Dear friends,

Last week, I attended the World Economic Forum, an annual meeting of leaders in government, business, and culture at Davos, Switzerland. I spoke in a few sessions, including a lively discussion with Aiden Gomez, Daphne Koller, Yann LeCun, Kai-Fu Lee, and moderator Nicholas Thompson about the present and possible future technology developments of generative AI. You can watch it here.

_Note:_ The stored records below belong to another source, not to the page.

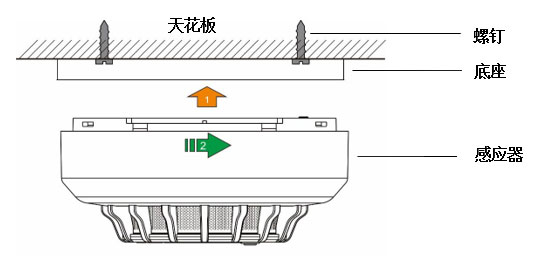 e.安装感烟报警器:将感烟报警器扣在底座上顺时针旋转,直到感烟报警器自动锁紧并固定在底座上(如图2)。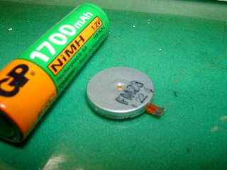 1.2Vのニッケル水素電池をつなぐと元気に動く。手を離すとそこら辺を飛び回るくらい。 |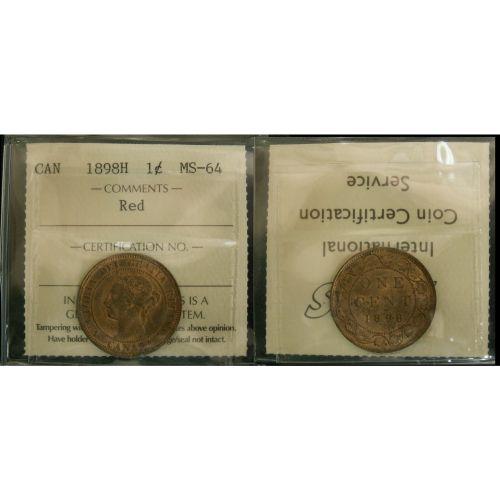 1898H 1¢ ICCS MS64 Red, a sharp key date Victorian cent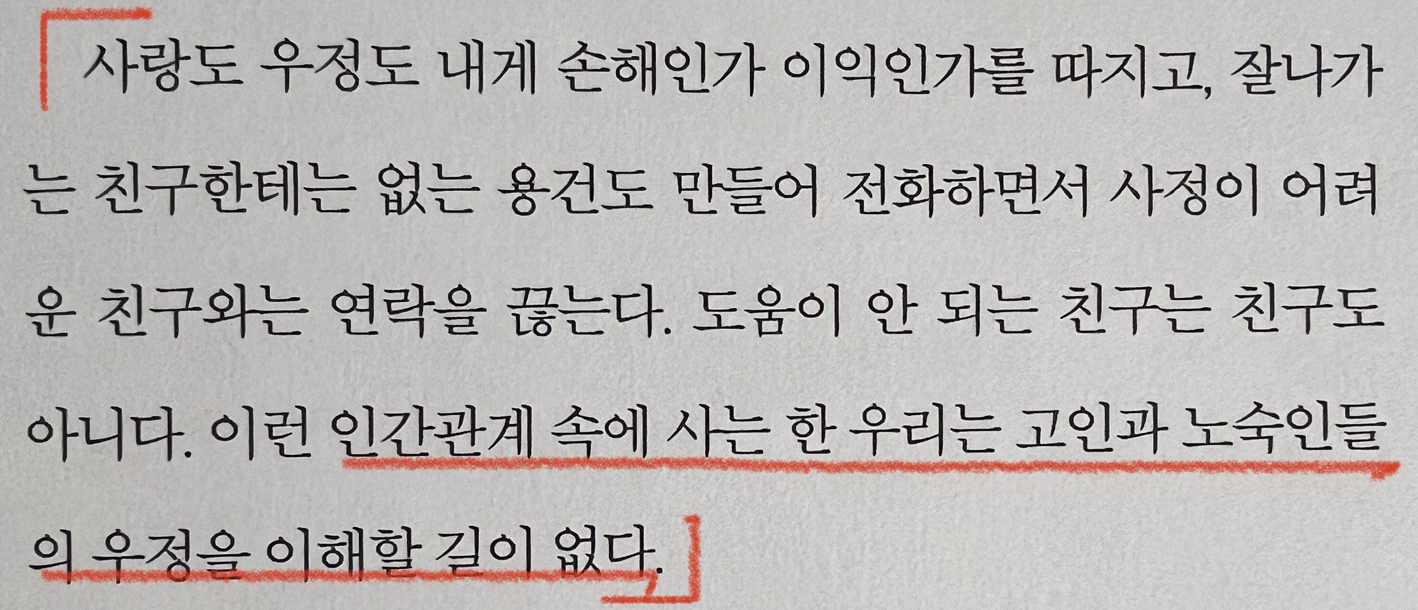 "사랑도 우정도 내게 손해인가 이익인가를 따지고, 잘 나가는 친구한테는 없는 용건도 만들어 전화하면서 사정이 어려운 친구와는 연락을 끊는다.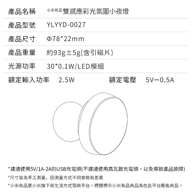 小米有品 雙感應彩光氛圍小夜燈 智能感應小夜燈 感應 夜燈 小夜燈 燈 人體 小燈 睡眠燈 感應燈 磁吸燈 免插電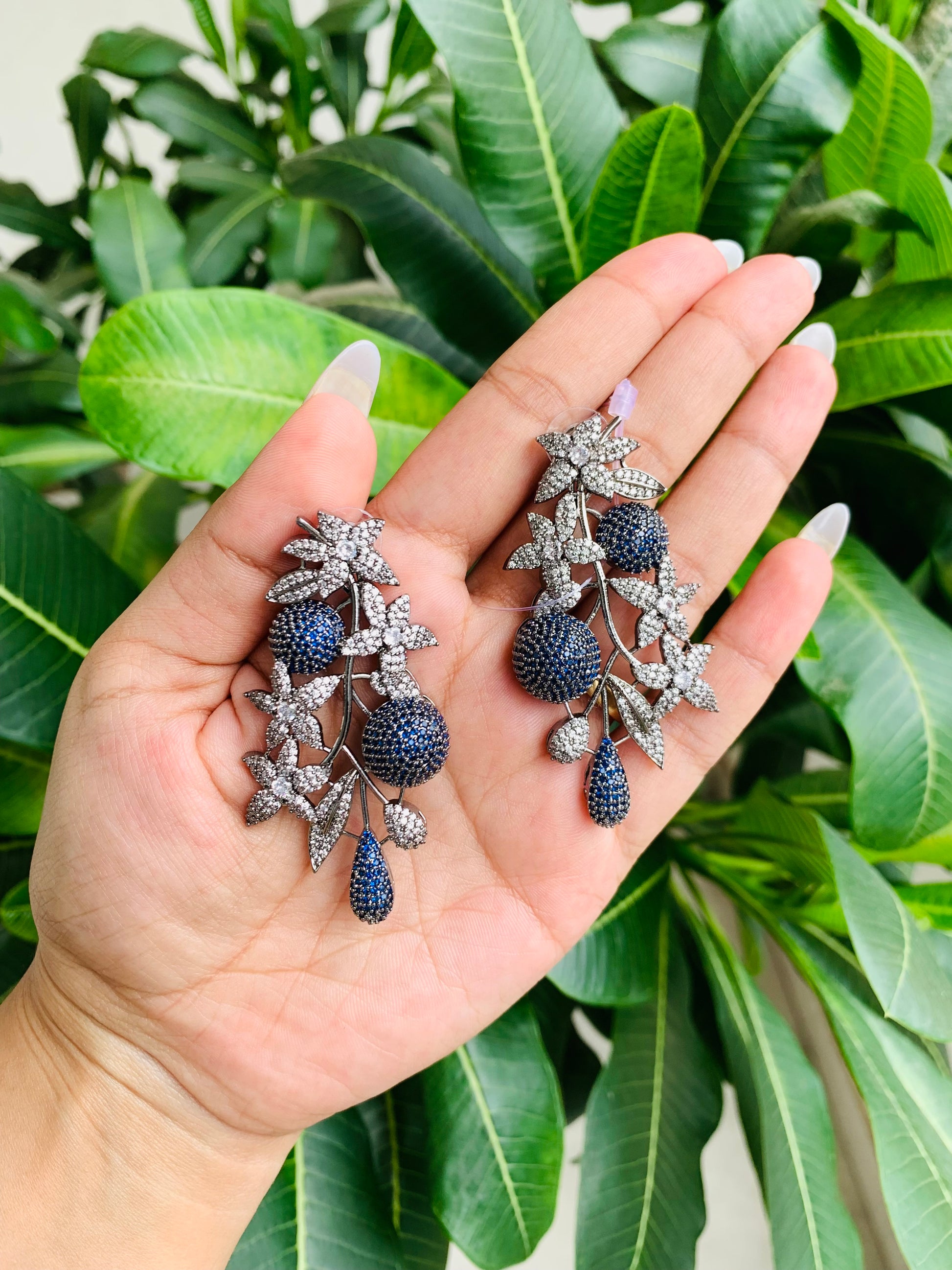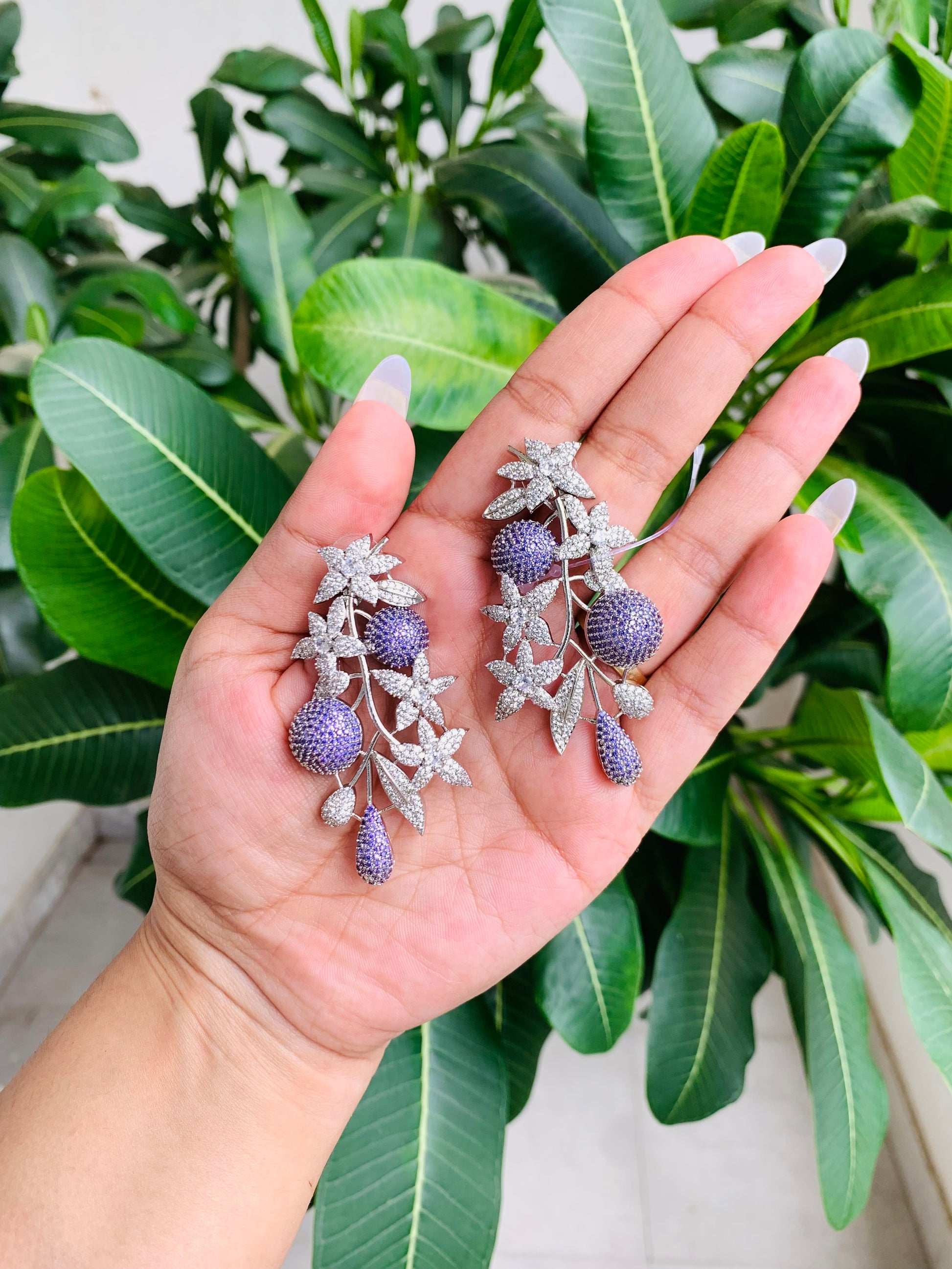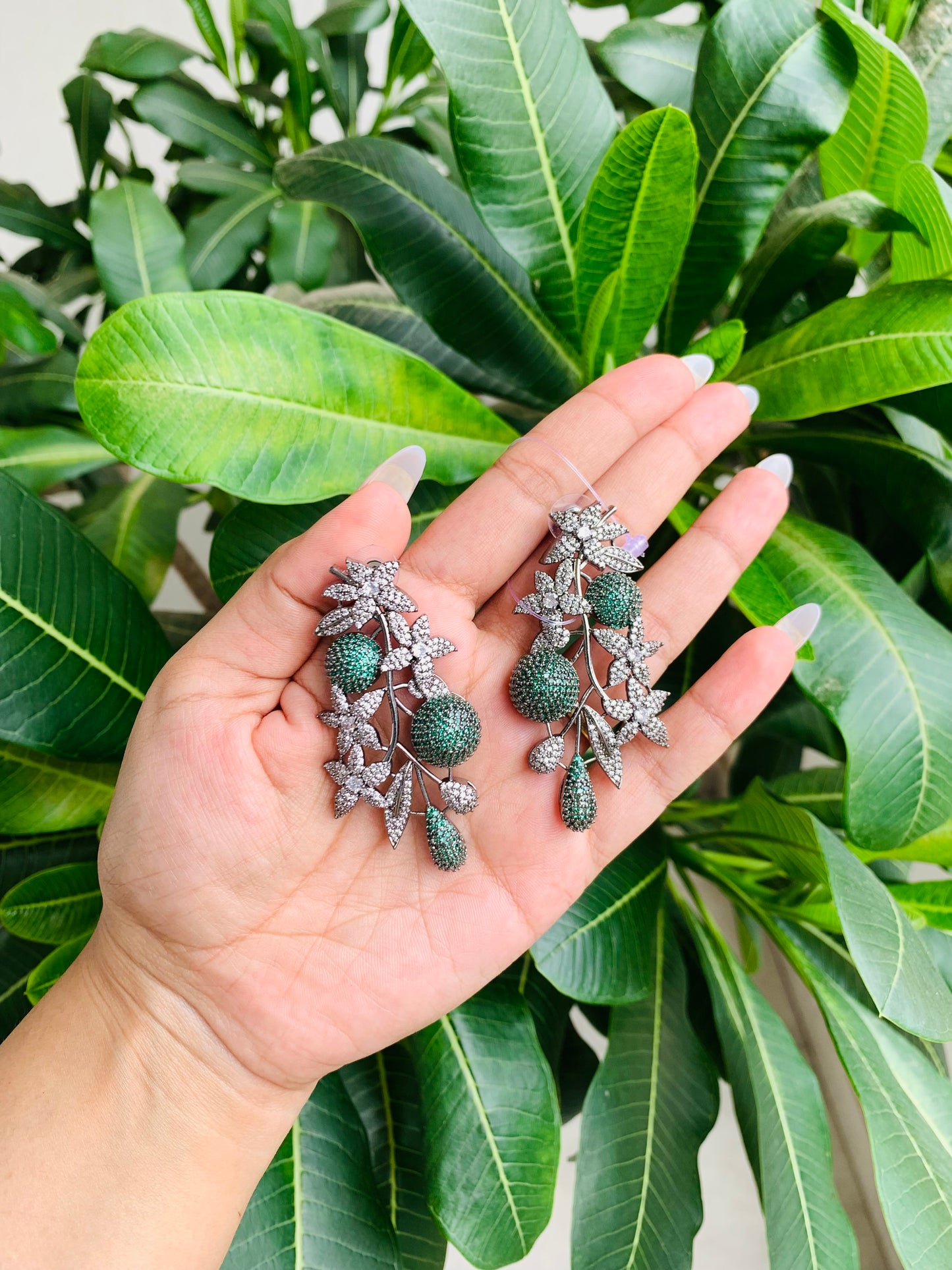 Introducing the American Diamond Long Statement Earrings, the perfect accessory for a bold and unique style. These statement-long studs feature an intricate design of flowers and berries in a variety of colors. With an amazing look that will make you stand out, these earrings are a must-have for any fashion-forward individual. Elevate your outfit with these stunning long earrings.

The conference's themes included AI, climate change, economic growth, and global security. But to me, the whole event felt like an AI conference! (This is not just my bias. When I asked a few non-AI attendees whether they felt similarly, about three-quarters of them agreed with me.) I had many conversations along two major themes:

Business implementation of AI. Many businesses, and to a lesser extent governments, are looking at using AI and trying to develop best practices for doing so. In some of my presentations, I shared my top two tips:

  • Almost all knowledge workers can become more productive right away by using a large language model (LLM) like ChatGPT or Bard as a brainstorming partner, copyeditor, tool to answer basic questions, and so on. But many people still need to be trained to use these models safely and effectively. I also encouraged CEOs to learn to use these tools themselves, so they can lead from the top.
  • In addition to using an LLM’s web interface, API calls offer many new opportunities to build new AI applications. I shared a task-based analysis framework and described how an analysis like this can lead to buy-versus-build decisions to pursue identified opportunities, with build being either an in-house project or a spin-out.

AI regulation. With many governments represented at Davos, many discussions about AI regulation also took place. I was delighted that he conversation has become much more sensible compared to 6 months ago, when the narrative was driven by misleading analogies between AI and nuclear weapons and lobbyists had significant momentum pushing proposals that threatened open-source software. However, the fight against stifling regulations isn't over yet! We must continue to protect open-source software and innovation. In detail:

World Economic Forum, January 16, 2024: "The Expanding Universe of Generative Models" panelists
  • I am happy to report that, in many hours of conversation about AI and regulations, I heard only one person bring up AI leading to human extinction, and the conversation quickly turned to other topics. I'm cautiously optimistic that this particular fear — of an outcome that is overwhelmingly unlikely — is losing traction and fading away.
  • However, big companies, especially ones that would rather not have to compete with open source, are still pushing for stifling, anti-competitive AI regulations in the name of safety. For example, some are still using the argument, “don't we want to know if your open-source LLMs are safe?” to promote potentially onerous testing, reporting, and perhaps even licensing requirements on open-source software. While we would, of course, prefer safe models (just as we would prefer secure software and truthful speech), overly burdensome “protections” could still destroy much innovation without materially reducing harm.  
  • Fortunately, many regulators are now aware of the need to protect basic research and development. The battle is still on to make sure we can continue to freely distribute the fruits of R&D, including open-sourcing software. But I'm encouraged by the progress we've made in the last few months. 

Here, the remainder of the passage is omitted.